How to complete this task: Take the material below and extract the lines from the one with "Hi all, need" through the one with "85′ Ο Συνεσίου", word for word, without pictures.

Given records:
[Start of Attachment]

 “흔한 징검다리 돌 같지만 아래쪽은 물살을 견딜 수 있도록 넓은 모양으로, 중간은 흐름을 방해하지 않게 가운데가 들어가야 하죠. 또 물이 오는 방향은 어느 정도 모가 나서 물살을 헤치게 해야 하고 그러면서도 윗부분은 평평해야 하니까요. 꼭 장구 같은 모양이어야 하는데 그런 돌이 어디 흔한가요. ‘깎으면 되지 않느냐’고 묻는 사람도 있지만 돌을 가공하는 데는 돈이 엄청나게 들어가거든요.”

[End of Attachment]
[Start of Attachment]

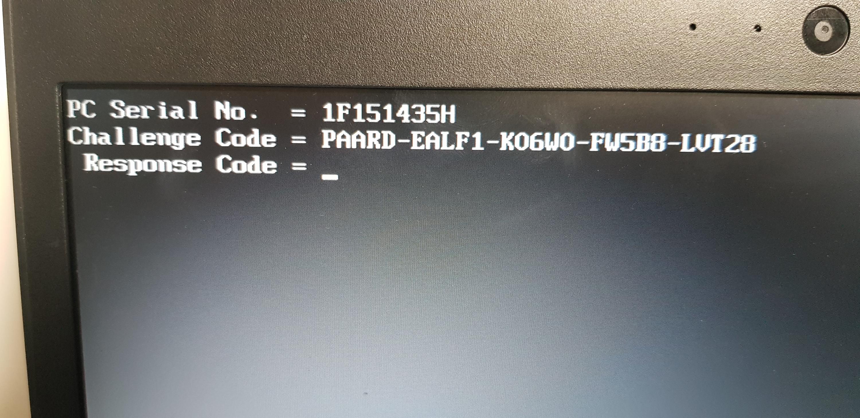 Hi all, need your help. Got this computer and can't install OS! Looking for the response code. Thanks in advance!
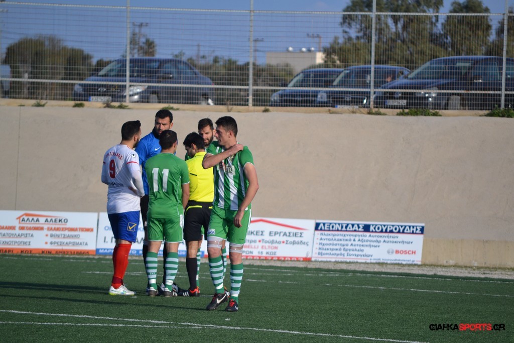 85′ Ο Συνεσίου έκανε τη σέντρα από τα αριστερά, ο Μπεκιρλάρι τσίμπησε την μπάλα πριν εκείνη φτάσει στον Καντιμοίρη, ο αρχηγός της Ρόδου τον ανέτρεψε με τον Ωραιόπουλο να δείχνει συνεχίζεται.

[End of Attachment]

Exercise output:
 Hi all, need your help. Got this computer and can't install OS! Looking for the response code. Thanks in advance!
 85′ Ο Συνεσίου έκανε τη σέντρα από τα αριστερά, ο Μπεκιρλάρι τσίμπησε την μπάλα πριν εκείνη φτάσει στον Καντιμοίρη, ο αρχηγός της Ρόδου τον ανέτρεψε με τον Ωραιόπουλο να δείχνει συνεχίζεται.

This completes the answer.